Are you passionate about observability and resiliency? Is ensuring we know about issues before our customers second nature to you? Is being at the front and orchestrating processes sounds fun to you? emnify is seeking a talented Reliability Engineer & Incident Management Operator to drive the company Incident Management routines, be the authority for everything observability and resiliency, and guide internal stakeholders with best practices.

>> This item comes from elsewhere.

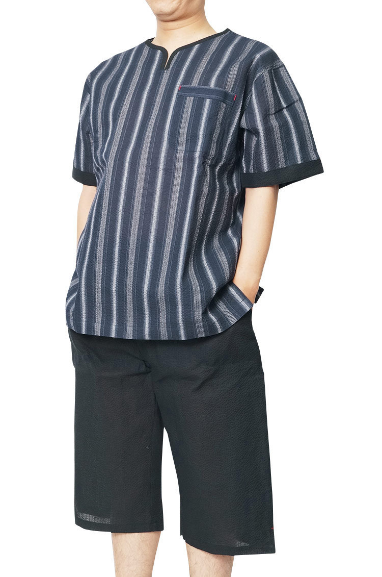 ■素材:素材綿80%麻20% ■取り扱い:家庭洗濯機OK ■上着 ポケット左前 ■ズボン 両サイド・ポケット右後ろ1・ ウエスト紐・ゴム調節 M:適応身長165~175 着丈73 胸囲88~96 ウエスト76~84 パンツ丈68 L:適応身長170~180 着丈77 胸囲96~104 ウエスト84~94 パンツ丈71 LL:適応身長175~185 着丈81 胸囲104~112 ウエスト94~104 パンツ丈73 3L:適応身長175~185 着丈85 胸囲108~118 ウエスト102~112 パンツ丈75 4L:適応身長175~185 着丈89 胸囲112~120 ウエスト110~120 パンツ丈77 5L:適応身長175~185 着丈93 胸囲116~124 ウエスト118~128 パンツ丈78

As a part of the larger Engineering department, our Platform team plays a crucial role in enhancing our competitive edge by improving developer experience to increase development efficiency and scale productivity. You will join a team of 3 engineers, fostering empathy and a collaboration mindset to ensure continuous improvement of development experience at emnify. The ideal candidate will have extensive experience with AWS cloud infrastructure, microservices, and modern observability practices as well as strong communication and organizational skills.

The position is 35% Incident management operations, 35% Observability and monitoring work, and 30% platform engineering and developer support.

The position is based in emnify’s office in Berlin.

Your Impact:

* Incident management operations:

Lead and optimize the incident management process end-to-end, ensuring timely detection, resolution, and documentation of incidents; coordinating cross-functional teams, conducting post-mortems and root cause analyses, and driving continuous improvements to workflows.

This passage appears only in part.